The .py package is stored in src and contains 3 sub-modules:
- **selection**: contains the feature preliminary selection functions
- **transform**: contains the feature pre-processing functions
- **elimination**: contains the feature elimination functions

# Filters

## Selection

The main class of this module is FeatureSelection.

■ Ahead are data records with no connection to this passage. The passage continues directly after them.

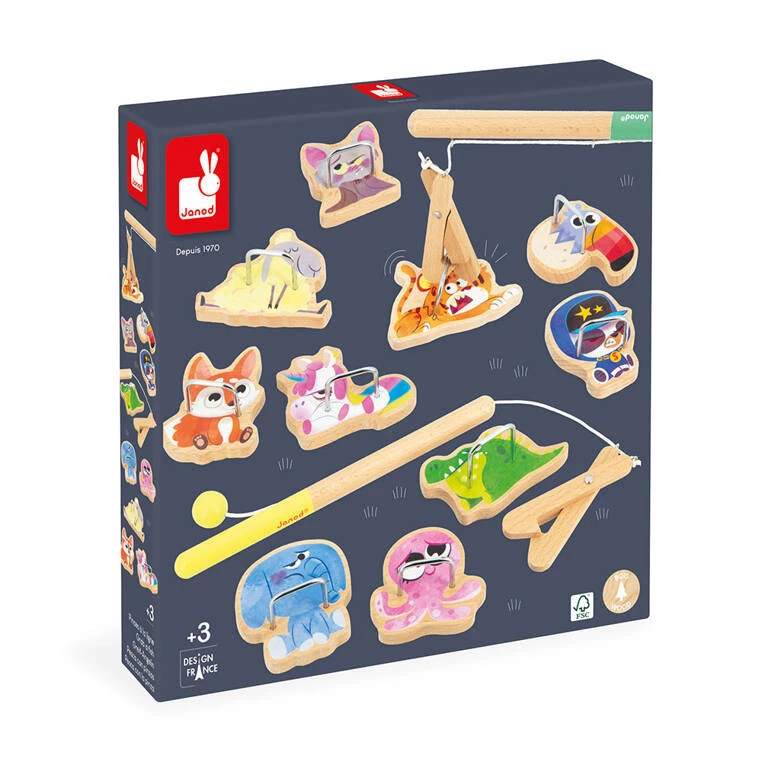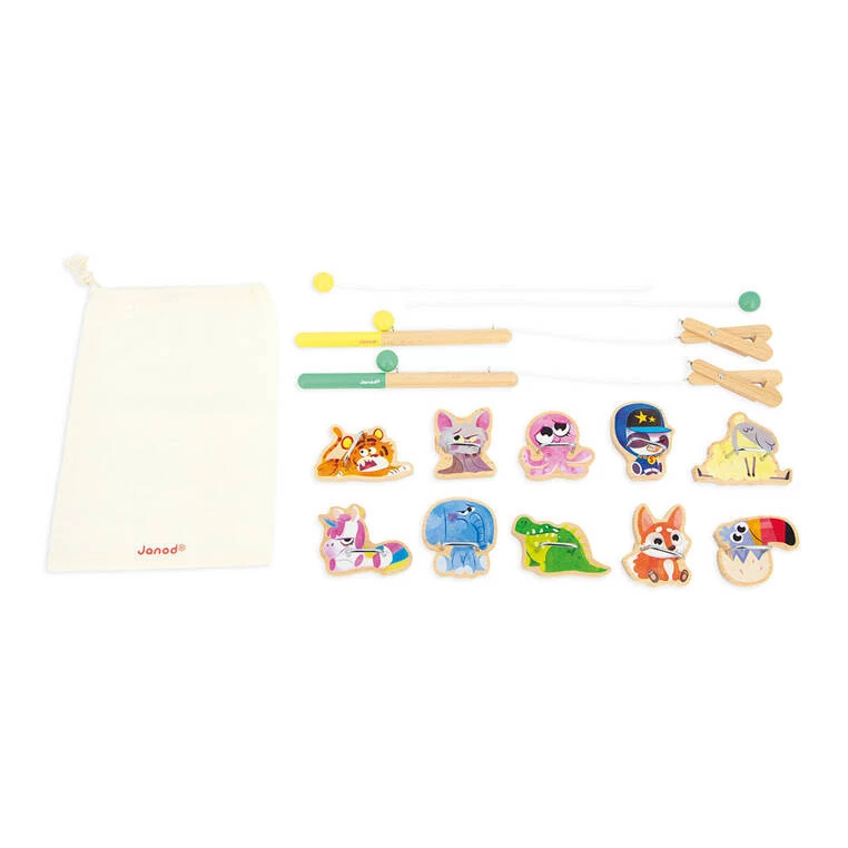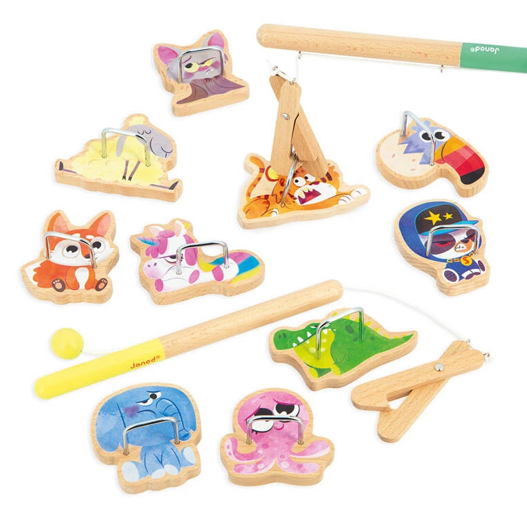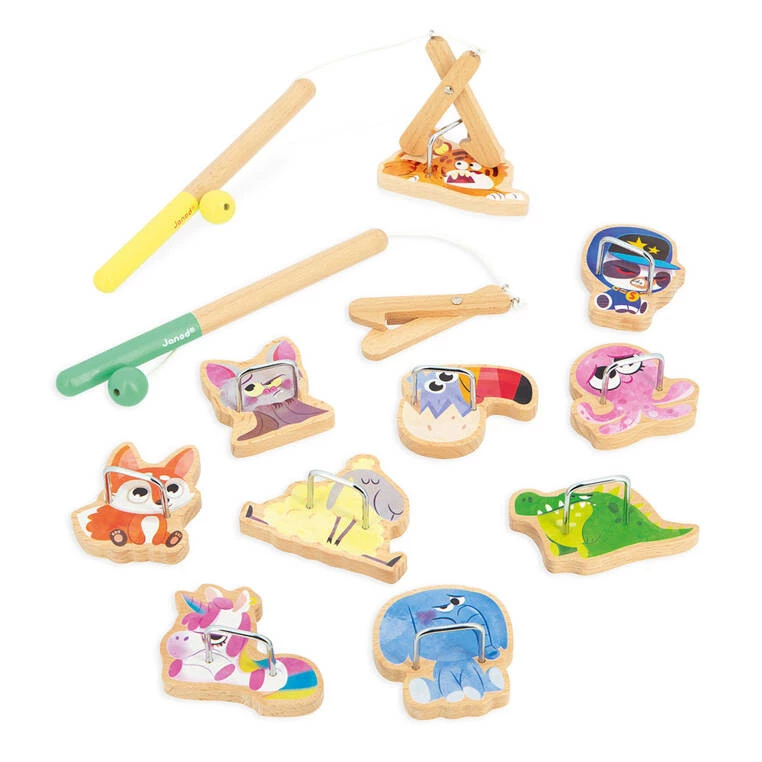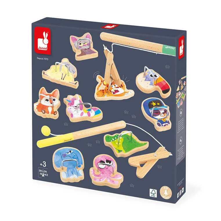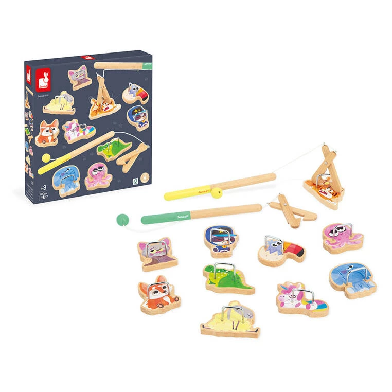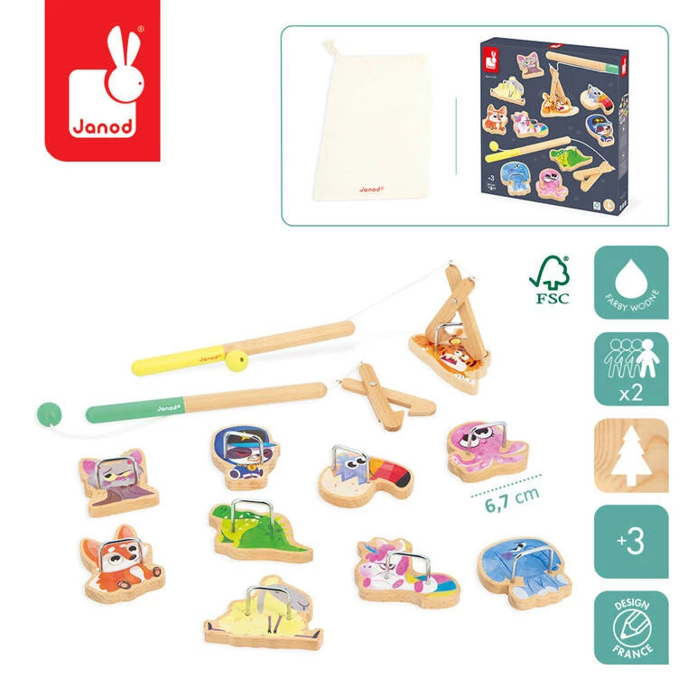 Gra zręcznościowa Łowienie rybek z kolekcji Applepop francuskiej marki JANOD to wspaniała zabawa dla dwójki dzieci lub dziecka i rodzica. W skład zestawu wchodzą dwie drewniane wędki z klipsami na końcach oraz 10 szalonych zwierząt do wyłapania. Drewniane figurki mają spore metalowe uchwyty, dzięki którym dają się złapać na klips. Celem gry jest złowienie jak największej ilości stworzeń. Gracz, który zgromadzi ich więcej – wygrywa. Gra ćwiczy koordynację ruchową, wspiera relację ręka-oko, uczy cierpliwości i skupienia.
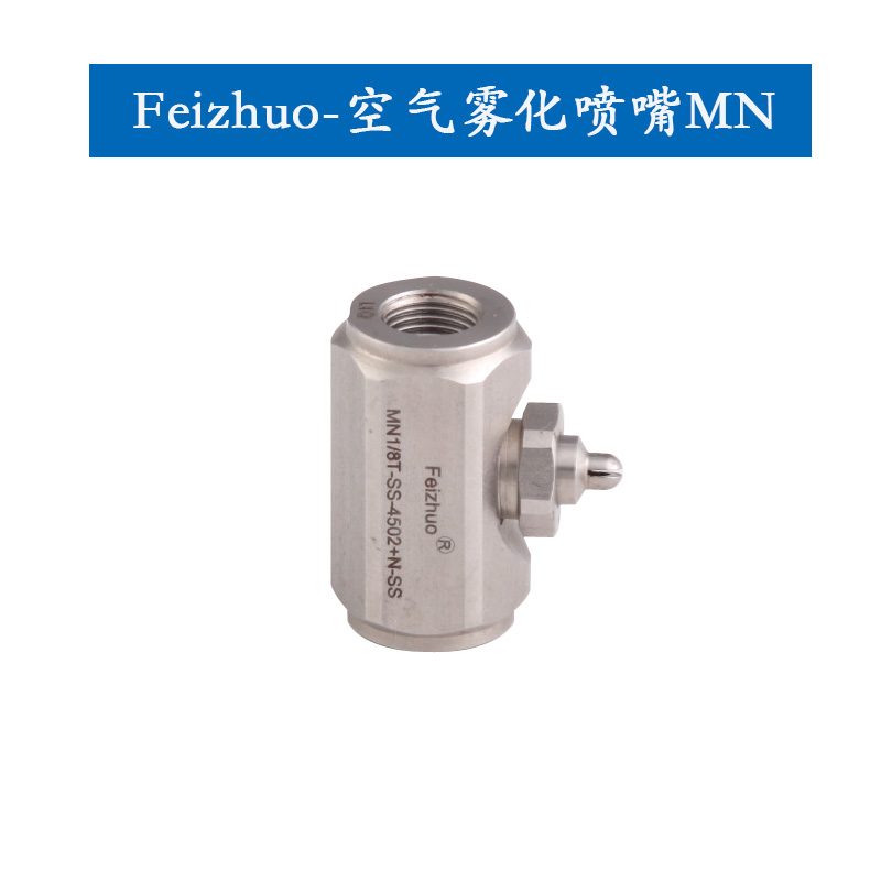 MN系列空氣霧化噴嘴特殊的內(nèi)部結(jié)構(gòu)設(shè)計(jì)能使液體和氣體均勻混合,產(chǎn)生微細(xì)液滴尺寸的噴霧或粗液滴噴霧。通常,通過(guò)增加氣體壓力或降低液體壓力可得到更加微細(xì)(30微米左右)的液滴噴霧,從而導(dǎo)致效高的氣體流率與液體率比。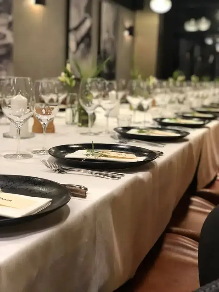 Personlig borddækning til selskaber hos Restaurant Cooks – perfekt til festlige lejligheder og middage.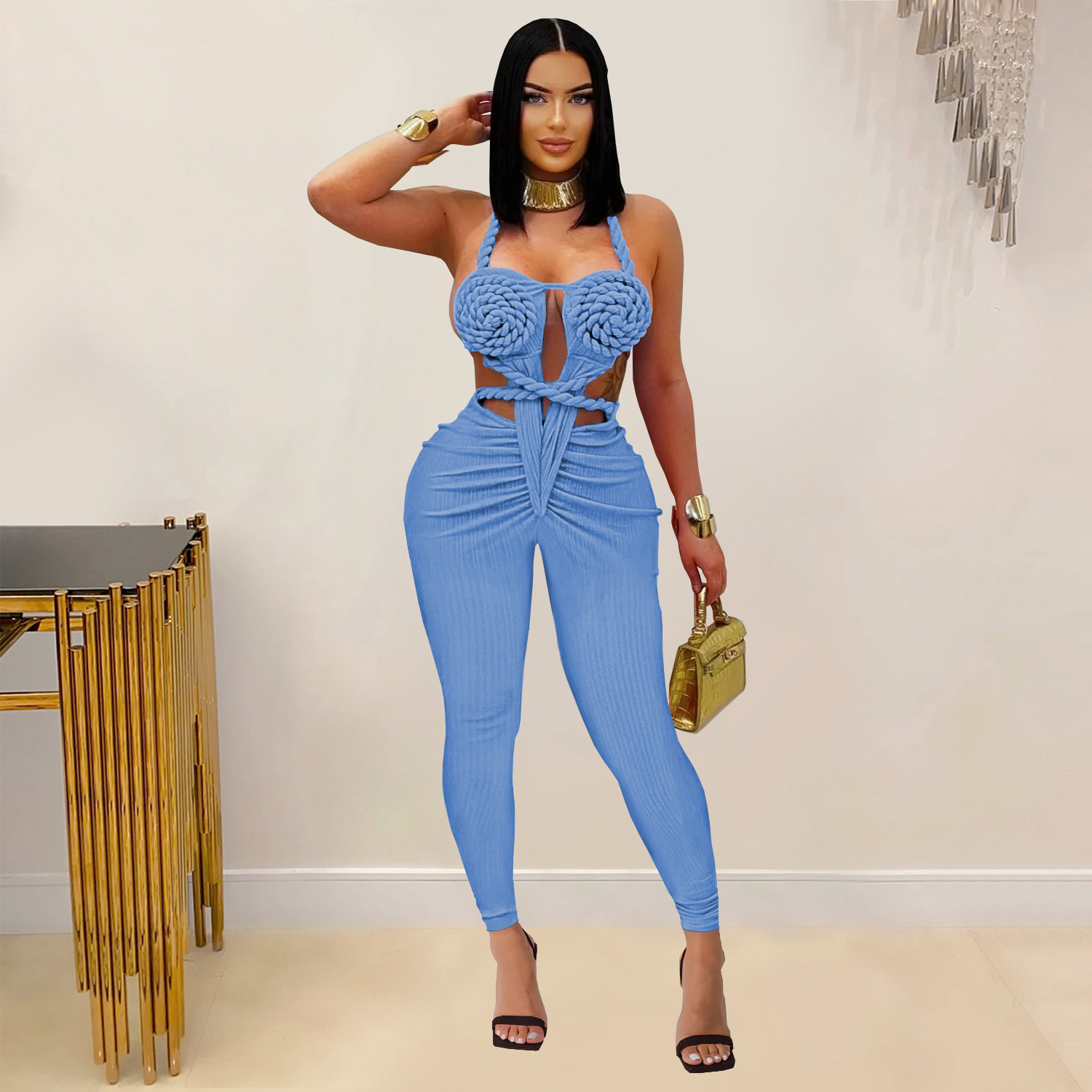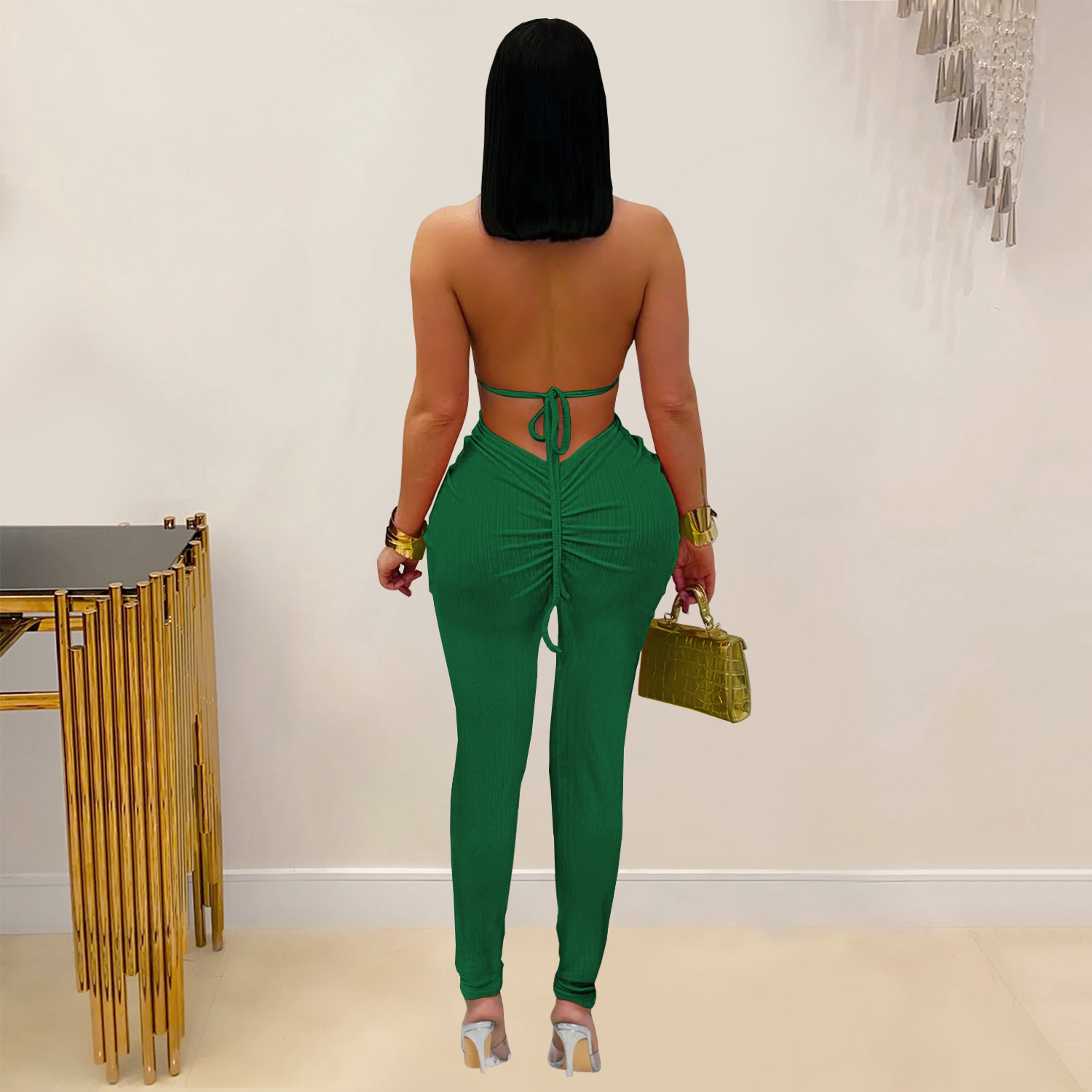 Women Wear Casual Sexy Halter Backless Solid Color Jumpsuit

It applies several filters that can be grouped in the following:

- Univariate filters:
    - No constant features
    - Number of distinct value too low
    - Number of missing values too high
    - Too concentrate in the most frequent value
    - Unstable between sets
- Multivariate filters:
    - Spearman Correlation for numerical features
    - Cramer's V for categorical features
    - R2 for mixed features
    - VIF
- Explanatory filters:
    - Feature AUROC for classification 
    - Feature Correlation with target for regression
    
## Trasformation

It is more a technical module which contains 3 classes useful for generating the production pipeline:

- ColumnExtractor: to extract columns from a pd.DataFrame
- ColumnRenamer: to rename columns and to transform a np.ndarray to a pd.DataFrame
- Categorizer: to trasform the dtype of pd.DataFrame columns from 'object' to 'category'

## Elimination

The main class of this module is FeatureElimination which is useful for selecting the most useful feature to keep in the model and optimize the hyperparams in the meanwhile.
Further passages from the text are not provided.